Records shown:
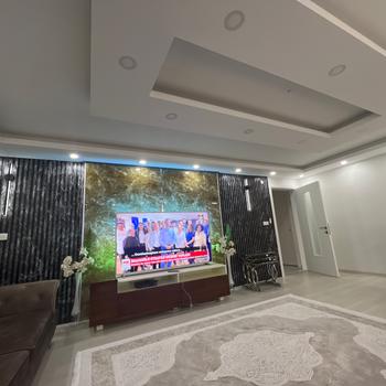 Tv unite arkasi lambiri duvara kaplama ve mermer desenli pvc uygulama. Ev dekorasyonunuz icin iletisime gecin.
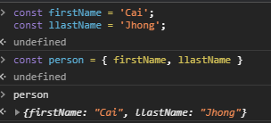 const person = { firstName: 'Stephen', lastName: 'Curry', }; const {firstName, lastName} = person; console.log(firstName + ' ' + lastName);
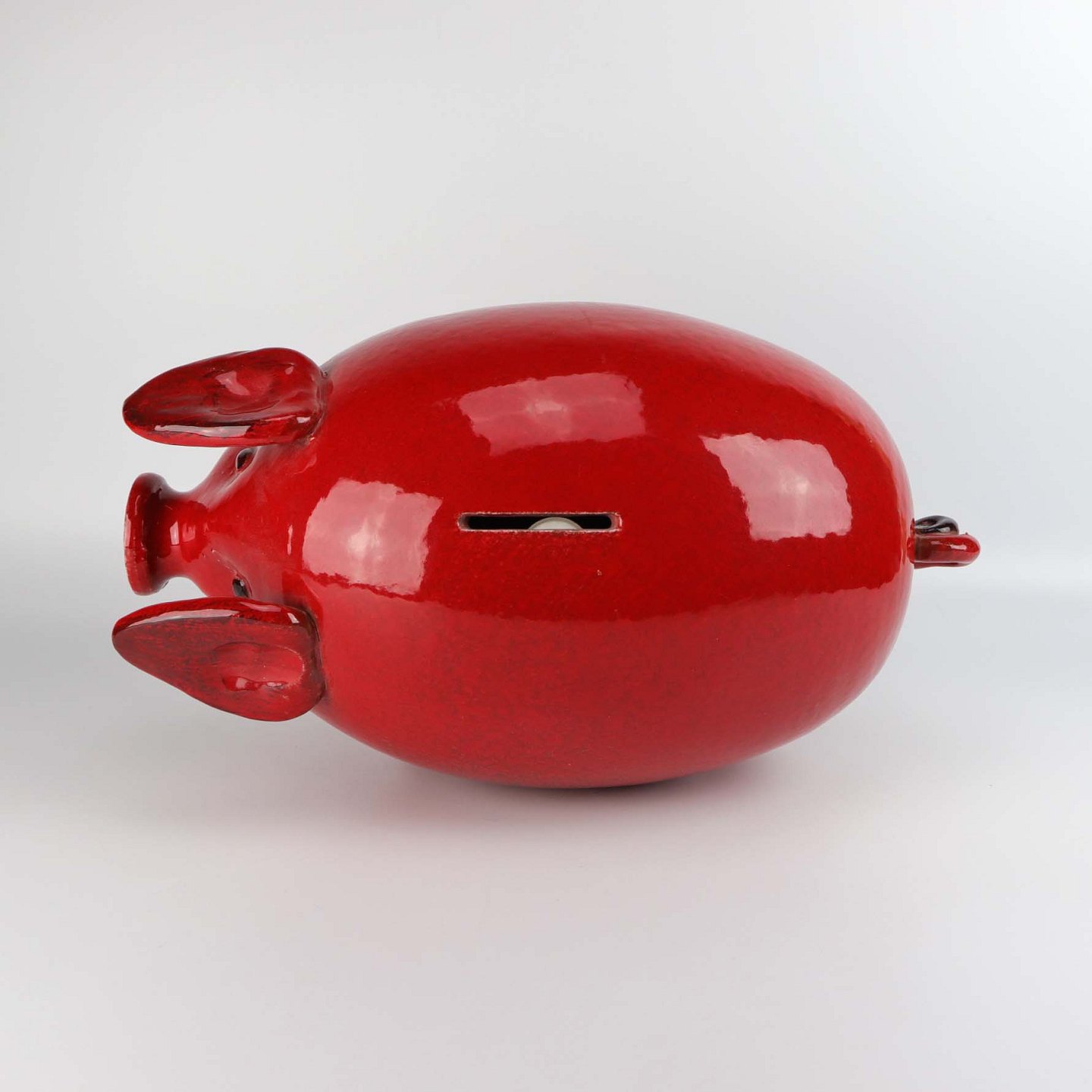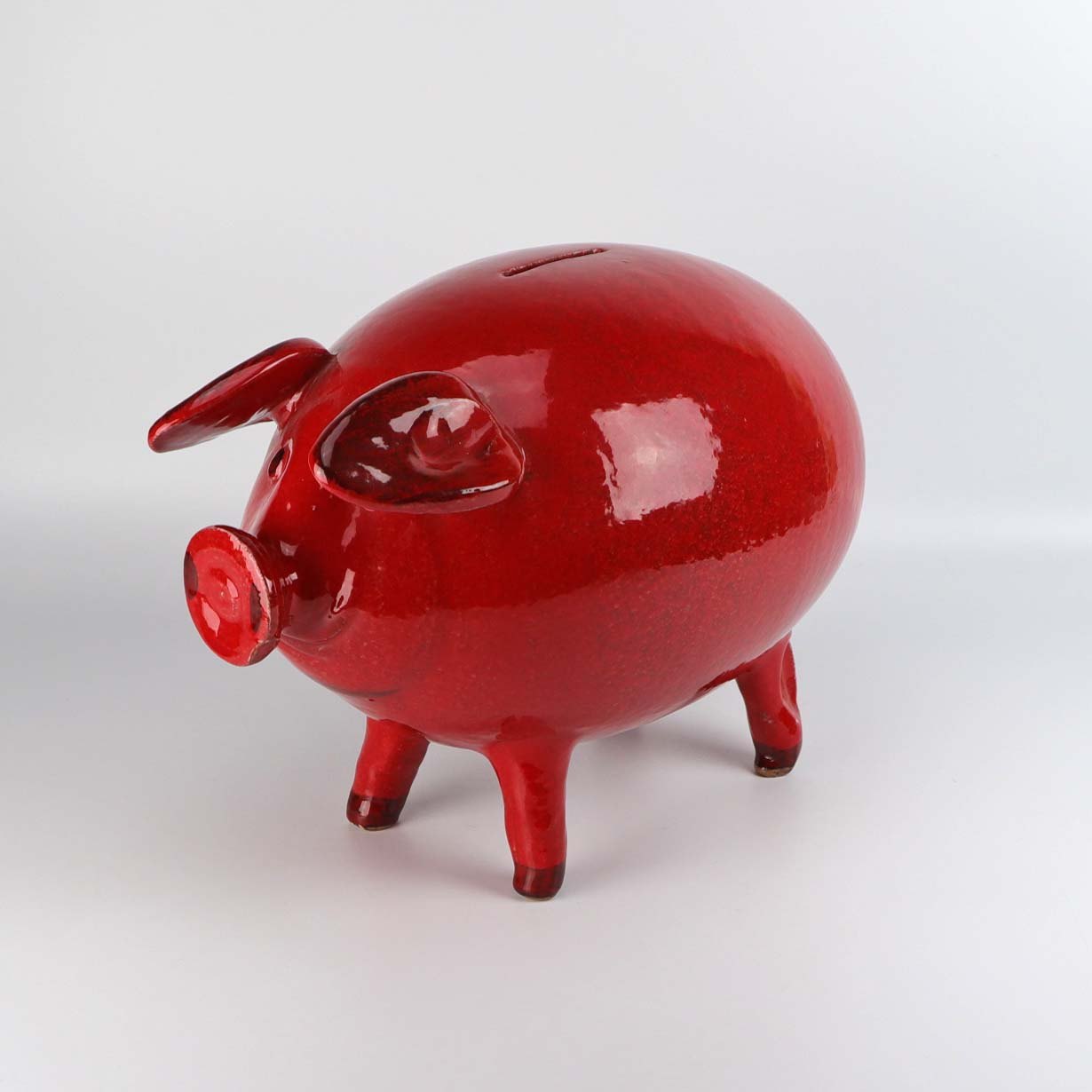 Stor sparegris i rødglaseret keramik og aftagelig bundprop i plast
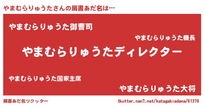 | 男性向けラノベタイトル風あだ名 | 『はたらくやまむらりゅうたさま!』 |
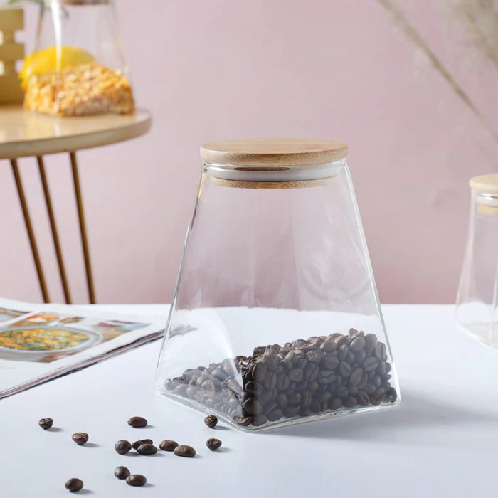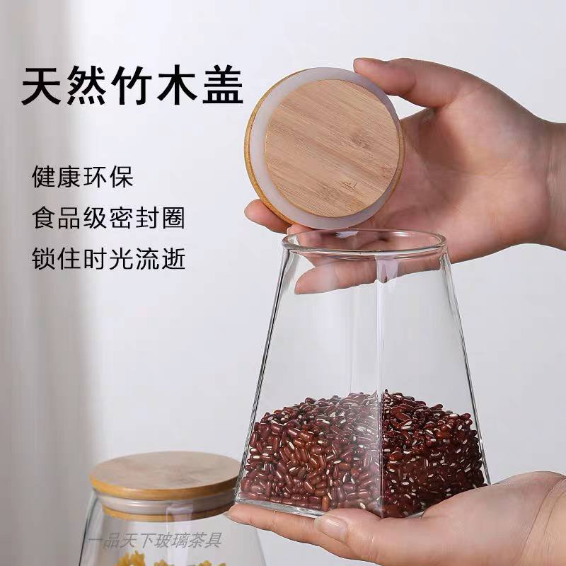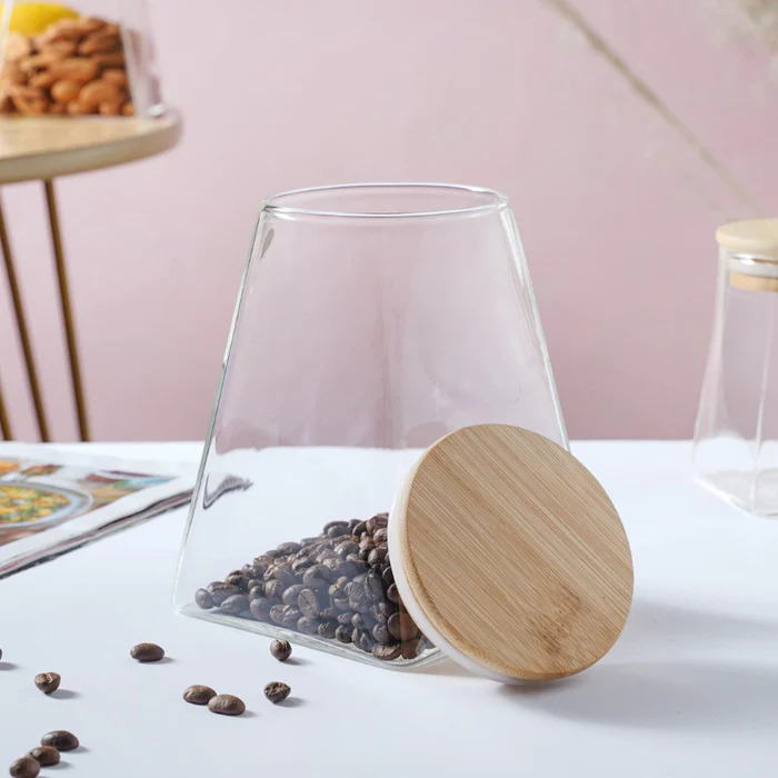 برطمان زجاج غطاء خشب 500 ملي لحفظ وتنظيم ادوات المطبخ والإكسسوارات والميكب
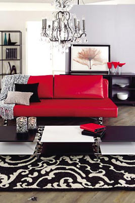 很少人会选择红色作为家居主色彩,的确,抢眼的红色用得不好,将会给人造成巨大的压力,并给人“俗艳”之感,但是,今年秋冬,正红色却成为本季时尚舞台的主打色。在严寒的冬季,巧妙地运用正红色的热烈和热情,不仅可以提高室内的温度,而且可以提升家居的情调。 抢眼的红色不适宜做大面积的底色,但非常适宜做点缀,宽敞的客厅里,可以摆放一套红色的布艺沙发;舒适的卧室,添一盏红色的台灯;温馨的餐桌上,放两个红色的烛台;单调的墙面上,挂一款红色钟表或者小画;甚至居室的角落,都可以点缀一个红色的垃圾桶。
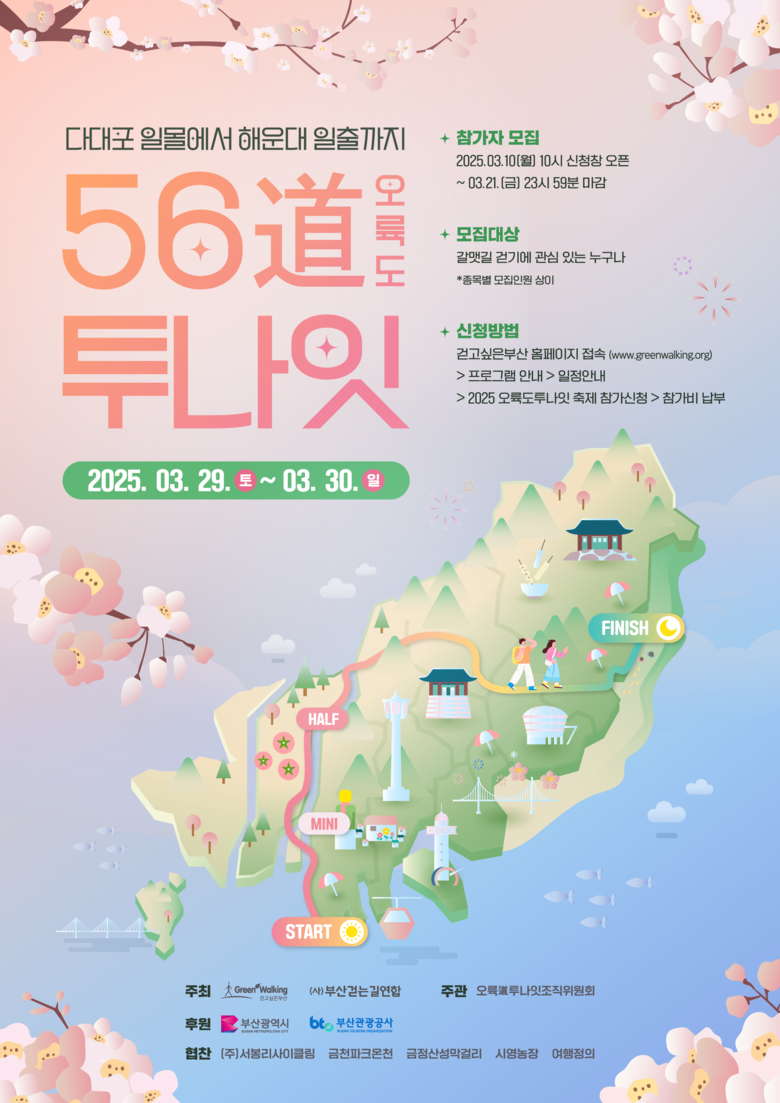 시와 부산관광공사가 후원하고, (사)걷고싶은부산과 (사)부산걷는길연합이 주최한다.

What needs to be done: In the data above, start at the line holding "console.log(firstName + ' ' + lastName);" and stop after the line holding "男性向けラノベタイトル風あだ名 | 『はたらくやまむらりゅうたさま!』 |"; write out those lines exactly, without pictures.

Response:
 const person = { firstName: 'Stephen', lastName: 'Curry', }; const {firstName, lastName} = person; console.log(firstName + ' ' + lastName);
 Stor sparegris i rødglaseret keramik og aftagelig bundprop i plast
 | 男性向けラノベタイトル風あだ名 | 『はたらくやまむらりゅうたさま!』 |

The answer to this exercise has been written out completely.